The physical activity milieu of children has changed over the past decades. The number of children engaging in organized physical activities has either increased or remained the same, whereas unorganized forms of physical activities, like active transport, have decreased [1
]. Less than half of Finnish primary school children reach the recommended 60 min of moderate-to-vigorous physical activity (MVPA) daily and remain sedentary for 65% of their waking time [4
]. Insufficient level of childhood physical activity is associated with metabolic risks and predicts development of metabolic diseases in adulthood [6
]. Excess sedentary behavior, defined as any waking behavior in a sitting/reclining posture with low energy expenditure, exacerbates the risks directly and/or indirectly by replacing the physical activities [9
In the modern environment, ubiquitous access to sedentary pursuits may compete with children’s’ physical activity, especially in girls and in obese children [11
]. Making physical activity fun and letting children choose their preferred forms of physical activities are methods to increase motivation towards and participation in physical activities [13
]. However, increasing physical activity while decreasing sedentary behavior during the whole day is not straightforward. At a given time-point, children can either be active or sedentary.

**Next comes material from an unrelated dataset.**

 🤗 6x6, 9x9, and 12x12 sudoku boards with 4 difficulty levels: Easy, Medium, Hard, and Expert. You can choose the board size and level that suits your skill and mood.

The more fun and reinforcing the physical activity, the more likely and the longer children are willing to engage in it instead of choosing the sedentary alternative [15
]. However, participating in physical activities at a given time does not necessarily reduce the sedentary time during the whole day [13
]. The children may compensate for the increased activity time by being more sedentary outside of the physical activity session [17
]. Because the health benefits children obtain are dependent on the total daily physical activity and sedentary behaviors, it is important to consider how these behaviors interact following participation in different forms of physical activities.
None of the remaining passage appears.